ENTRIES SUPPLIED below:

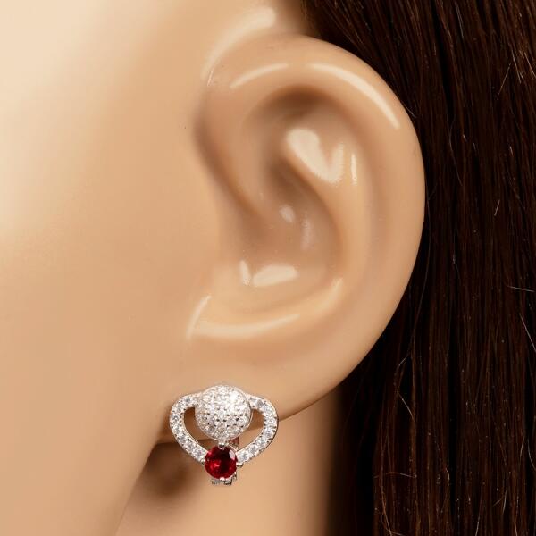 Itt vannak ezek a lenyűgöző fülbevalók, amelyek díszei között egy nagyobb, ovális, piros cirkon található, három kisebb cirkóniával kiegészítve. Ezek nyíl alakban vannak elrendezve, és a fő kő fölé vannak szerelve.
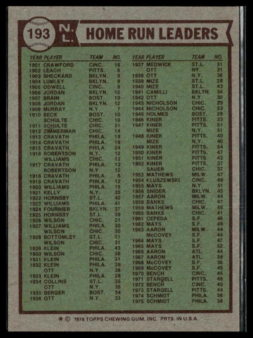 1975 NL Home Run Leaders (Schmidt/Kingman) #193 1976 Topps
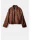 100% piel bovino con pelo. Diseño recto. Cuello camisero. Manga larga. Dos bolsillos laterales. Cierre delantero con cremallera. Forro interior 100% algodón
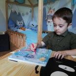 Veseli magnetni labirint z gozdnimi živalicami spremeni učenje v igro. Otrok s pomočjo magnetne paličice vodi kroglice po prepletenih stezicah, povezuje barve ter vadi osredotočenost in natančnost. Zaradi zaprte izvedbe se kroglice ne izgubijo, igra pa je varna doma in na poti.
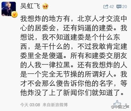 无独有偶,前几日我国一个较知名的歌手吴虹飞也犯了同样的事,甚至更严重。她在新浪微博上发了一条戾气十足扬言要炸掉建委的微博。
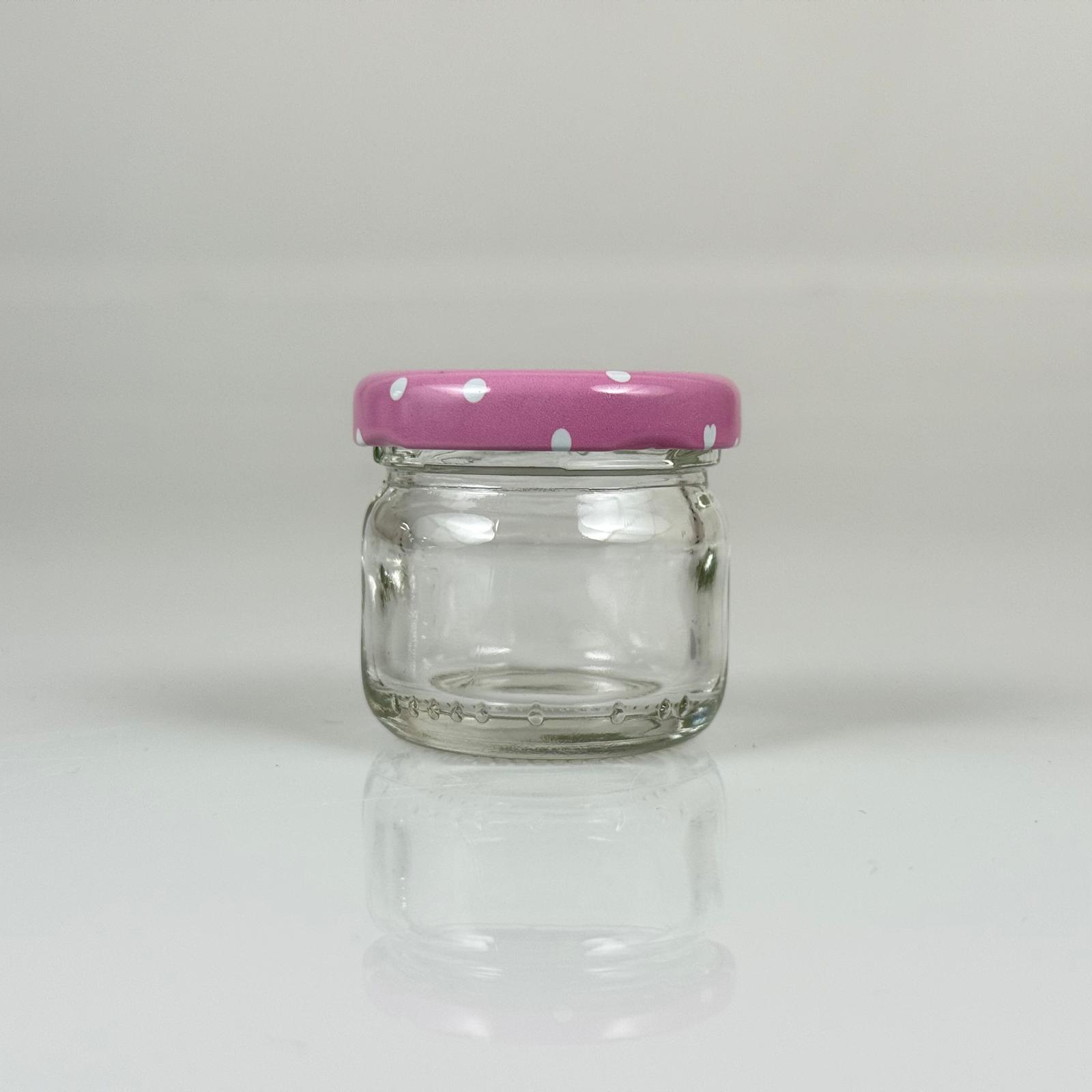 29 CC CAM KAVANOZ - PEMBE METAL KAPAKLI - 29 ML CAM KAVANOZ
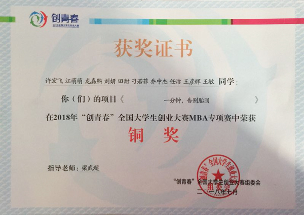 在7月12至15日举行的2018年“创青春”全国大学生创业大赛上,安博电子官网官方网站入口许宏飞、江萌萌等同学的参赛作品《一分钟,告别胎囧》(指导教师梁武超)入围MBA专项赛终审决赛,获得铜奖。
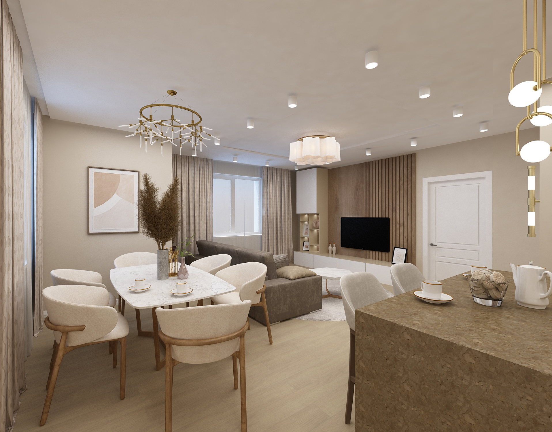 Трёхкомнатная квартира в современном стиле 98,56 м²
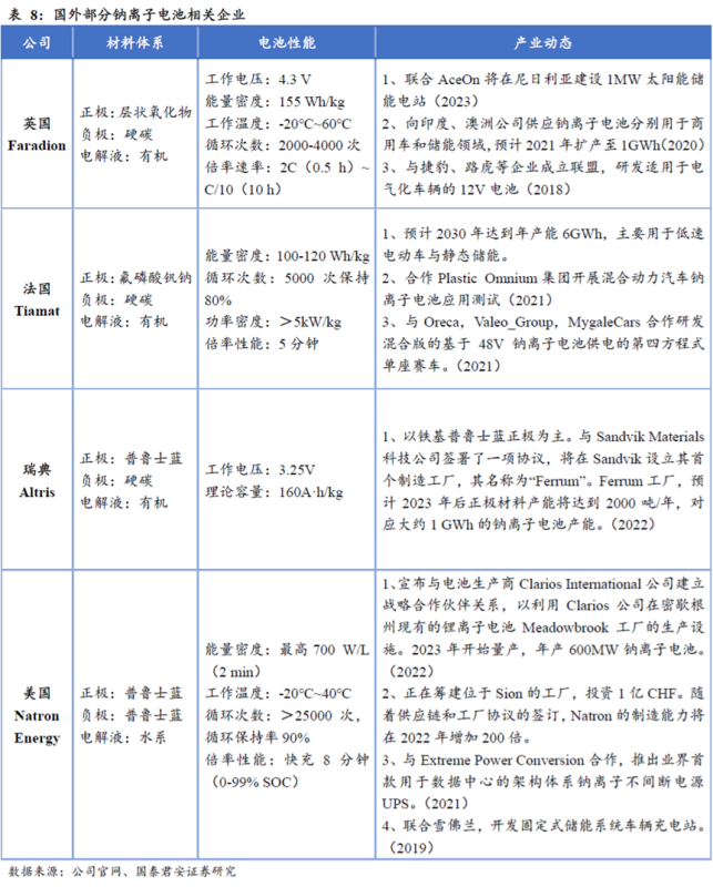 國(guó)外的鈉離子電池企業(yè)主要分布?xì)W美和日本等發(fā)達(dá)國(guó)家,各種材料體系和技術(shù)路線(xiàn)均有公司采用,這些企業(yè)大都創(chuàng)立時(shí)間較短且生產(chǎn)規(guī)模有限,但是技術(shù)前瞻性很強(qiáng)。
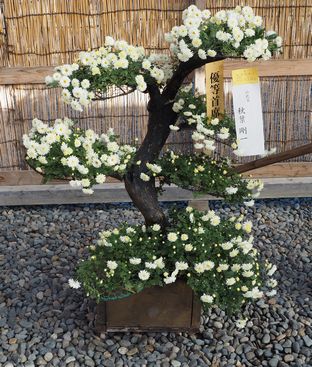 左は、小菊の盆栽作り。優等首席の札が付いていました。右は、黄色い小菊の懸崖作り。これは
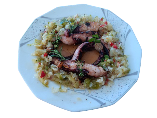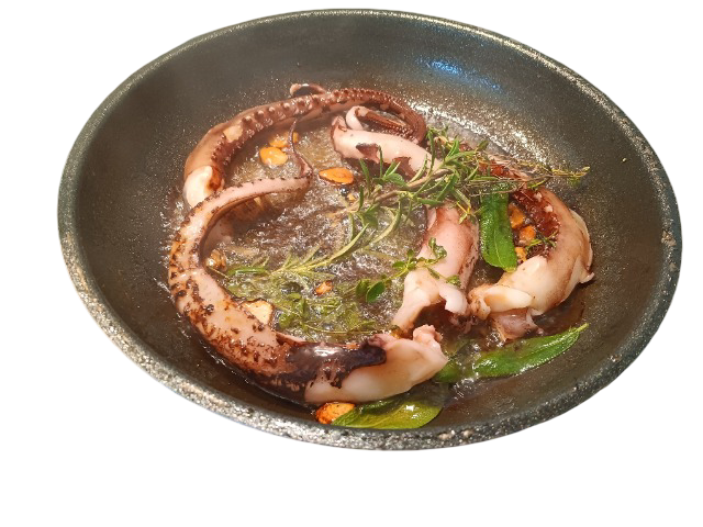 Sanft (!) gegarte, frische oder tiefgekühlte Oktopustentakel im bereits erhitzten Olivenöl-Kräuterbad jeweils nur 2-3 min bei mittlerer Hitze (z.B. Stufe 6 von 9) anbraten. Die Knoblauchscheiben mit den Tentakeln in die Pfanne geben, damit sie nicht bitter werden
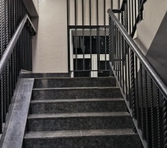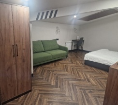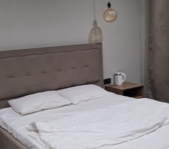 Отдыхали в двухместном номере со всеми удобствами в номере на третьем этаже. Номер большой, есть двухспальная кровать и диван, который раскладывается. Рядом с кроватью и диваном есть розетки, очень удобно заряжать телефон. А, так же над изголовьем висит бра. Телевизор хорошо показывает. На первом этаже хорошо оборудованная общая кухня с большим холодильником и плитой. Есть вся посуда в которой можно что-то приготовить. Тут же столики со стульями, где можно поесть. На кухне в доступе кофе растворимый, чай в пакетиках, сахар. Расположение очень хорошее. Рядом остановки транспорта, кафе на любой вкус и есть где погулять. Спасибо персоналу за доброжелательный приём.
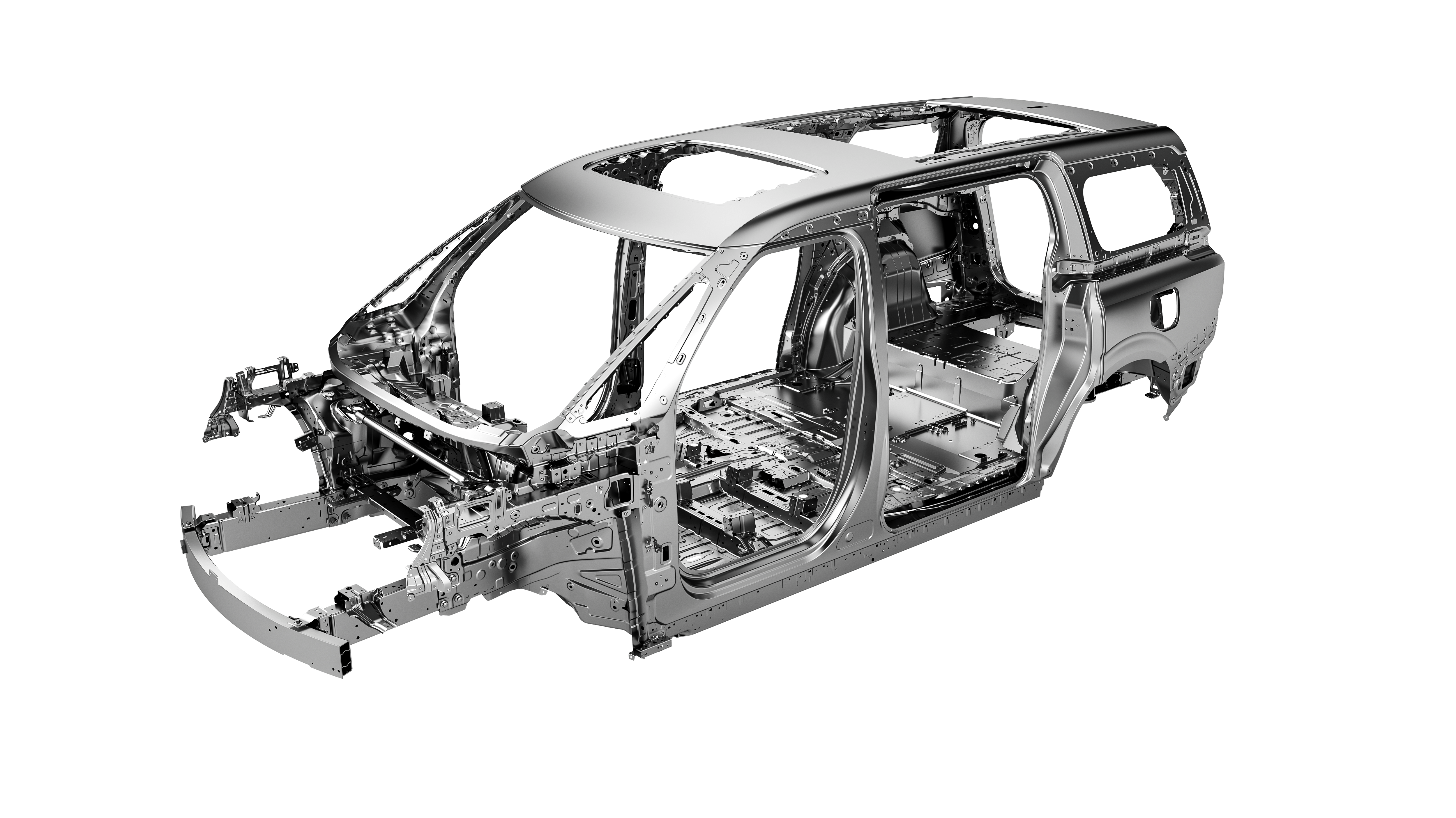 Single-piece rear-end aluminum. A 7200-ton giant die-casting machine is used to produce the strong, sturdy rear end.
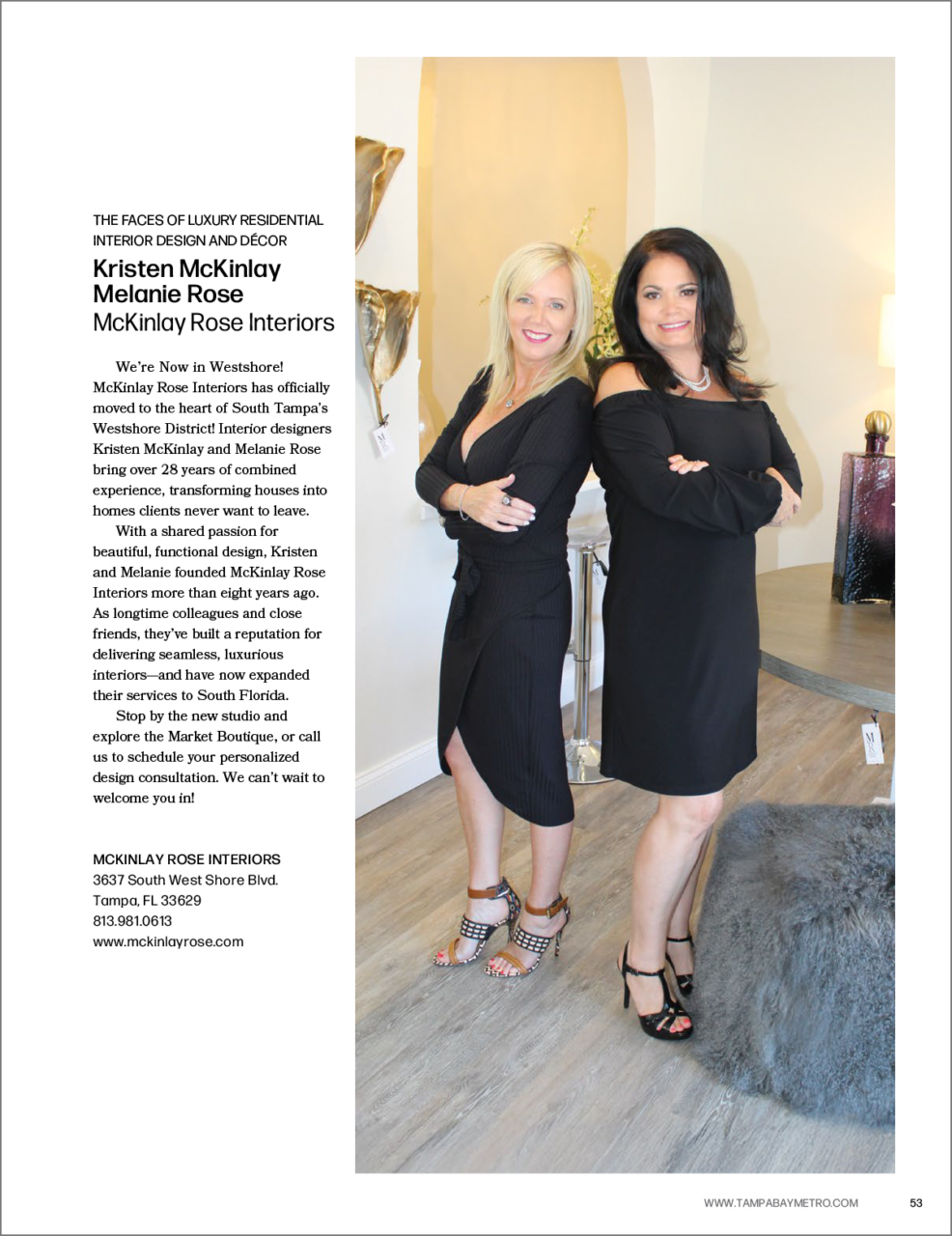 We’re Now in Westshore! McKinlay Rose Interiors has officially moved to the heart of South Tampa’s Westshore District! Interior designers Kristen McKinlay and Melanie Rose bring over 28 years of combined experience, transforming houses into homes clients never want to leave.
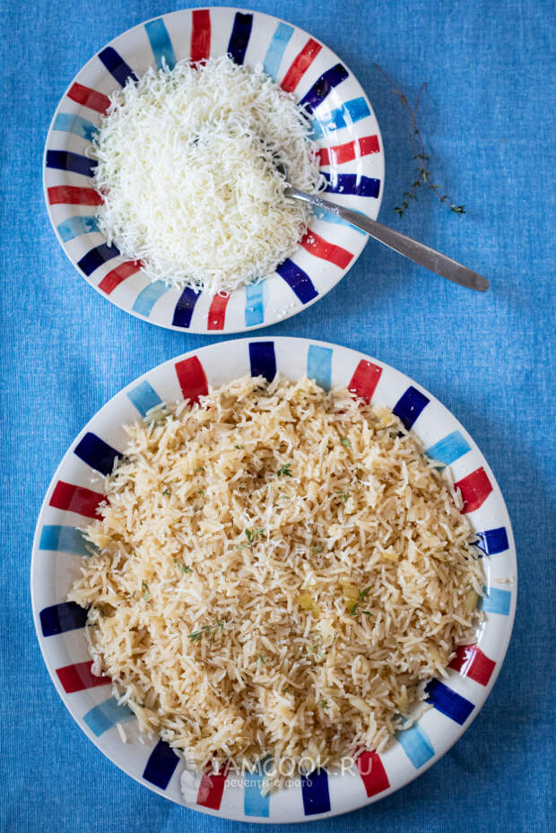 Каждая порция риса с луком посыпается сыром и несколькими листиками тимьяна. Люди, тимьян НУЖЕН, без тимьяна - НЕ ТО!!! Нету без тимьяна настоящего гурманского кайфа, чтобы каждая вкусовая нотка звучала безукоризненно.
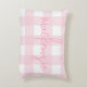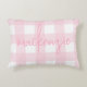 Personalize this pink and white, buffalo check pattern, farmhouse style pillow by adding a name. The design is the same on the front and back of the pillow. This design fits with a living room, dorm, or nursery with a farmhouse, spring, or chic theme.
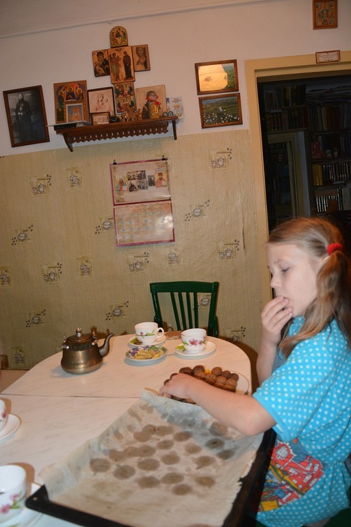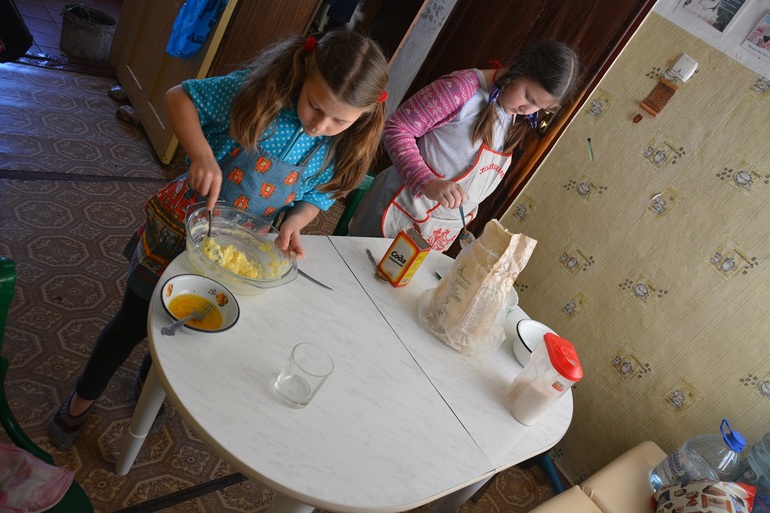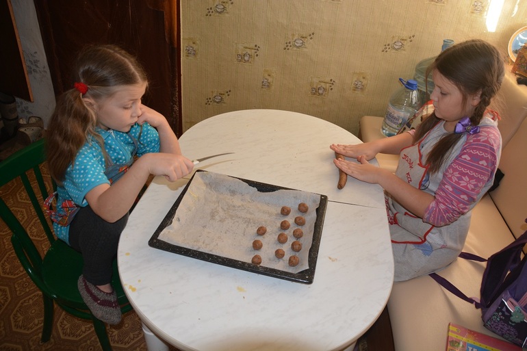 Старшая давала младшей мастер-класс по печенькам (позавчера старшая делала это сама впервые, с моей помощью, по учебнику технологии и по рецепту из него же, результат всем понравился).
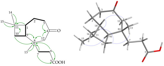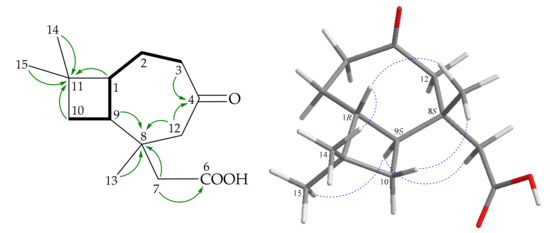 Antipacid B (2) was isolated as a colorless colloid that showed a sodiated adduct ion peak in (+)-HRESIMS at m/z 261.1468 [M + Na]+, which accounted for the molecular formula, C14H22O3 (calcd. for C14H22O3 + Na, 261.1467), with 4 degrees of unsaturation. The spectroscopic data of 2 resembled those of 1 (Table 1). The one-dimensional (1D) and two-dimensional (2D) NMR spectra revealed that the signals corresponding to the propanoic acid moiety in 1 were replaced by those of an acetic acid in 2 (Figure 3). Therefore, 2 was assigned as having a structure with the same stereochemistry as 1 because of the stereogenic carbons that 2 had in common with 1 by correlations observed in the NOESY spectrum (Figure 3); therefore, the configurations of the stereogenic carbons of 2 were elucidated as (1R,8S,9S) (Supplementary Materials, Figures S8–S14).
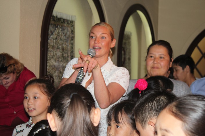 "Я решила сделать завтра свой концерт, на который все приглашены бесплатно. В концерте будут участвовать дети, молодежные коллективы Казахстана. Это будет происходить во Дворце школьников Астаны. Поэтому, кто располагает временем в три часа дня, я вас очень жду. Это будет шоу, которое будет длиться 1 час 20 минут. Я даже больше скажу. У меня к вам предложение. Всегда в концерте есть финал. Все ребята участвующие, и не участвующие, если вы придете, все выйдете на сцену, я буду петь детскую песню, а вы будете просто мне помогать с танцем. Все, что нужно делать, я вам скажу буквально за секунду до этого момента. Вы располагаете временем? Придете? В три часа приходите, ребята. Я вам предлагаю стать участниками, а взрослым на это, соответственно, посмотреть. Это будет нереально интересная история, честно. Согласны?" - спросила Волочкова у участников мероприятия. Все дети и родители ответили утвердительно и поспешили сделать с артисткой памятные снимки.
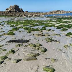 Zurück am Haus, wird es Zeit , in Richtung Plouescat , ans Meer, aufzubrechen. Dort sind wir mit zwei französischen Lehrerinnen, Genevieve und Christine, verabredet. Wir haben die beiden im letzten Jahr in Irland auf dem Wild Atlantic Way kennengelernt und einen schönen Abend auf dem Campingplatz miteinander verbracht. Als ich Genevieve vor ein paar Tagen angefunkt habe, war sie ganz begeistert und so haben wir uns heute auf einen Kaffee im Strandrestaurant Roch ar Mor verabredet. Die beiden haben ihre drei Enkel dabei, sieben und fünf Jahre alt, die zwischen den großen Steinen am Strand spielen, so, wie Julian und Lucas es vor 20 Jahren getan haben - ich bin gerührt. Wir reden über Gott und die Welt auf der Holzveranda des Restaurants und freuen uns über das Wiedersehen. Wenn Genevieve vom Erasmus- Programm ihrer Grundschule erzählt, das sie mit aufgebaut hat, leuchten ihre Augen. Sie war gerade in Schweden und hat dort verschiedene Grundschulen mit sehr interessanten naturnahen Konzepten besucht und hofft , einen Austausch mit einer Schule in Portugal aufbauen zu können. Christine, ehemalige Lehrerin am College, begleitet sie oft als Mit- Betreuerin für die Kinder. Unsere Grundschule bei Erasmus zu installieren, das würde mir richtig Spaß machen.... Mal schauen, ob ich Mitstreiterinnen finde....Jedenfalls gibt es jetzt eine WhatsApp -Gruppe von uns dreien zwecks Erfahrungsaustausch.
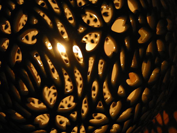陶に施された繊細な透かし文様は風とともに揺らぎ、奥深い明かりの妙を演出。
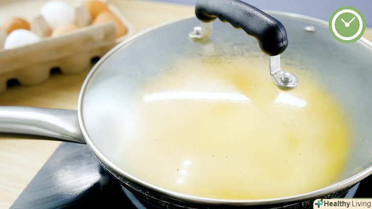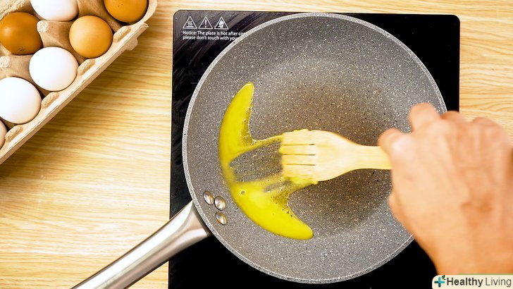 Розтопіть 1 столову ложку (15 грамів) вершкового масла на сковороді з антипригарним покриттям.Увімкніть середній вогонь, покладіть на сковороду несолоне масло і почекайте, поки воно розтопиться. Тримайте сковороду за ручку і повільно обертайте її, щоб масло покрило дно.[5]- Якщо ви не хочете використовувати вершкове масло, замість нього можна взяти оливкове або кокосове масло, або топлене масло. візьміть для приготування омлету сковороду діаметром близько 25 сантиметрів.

End of ENTRIES SUPPLIED.

Write out, word for word, the stretch of entries that begins at the line with "Single-piece rear-end aluminum." and ends at the line with "We’re Now in". Pictures do not belong in it.

(RESULT BELOW)
 Single-piece rear-end aluminum. A 7200-ton giant die-casting machine is used to produce the strong, sturdy rear end.
 We’re Now in Westshore! McKinlay Rose Interiors has officially moved to the heart of South Tampa’s Westshore District! Interior designers Kristen McKinlay and Melanie Rose bring over 28 years of combined experience, transforming houses into homes clients never want to leave.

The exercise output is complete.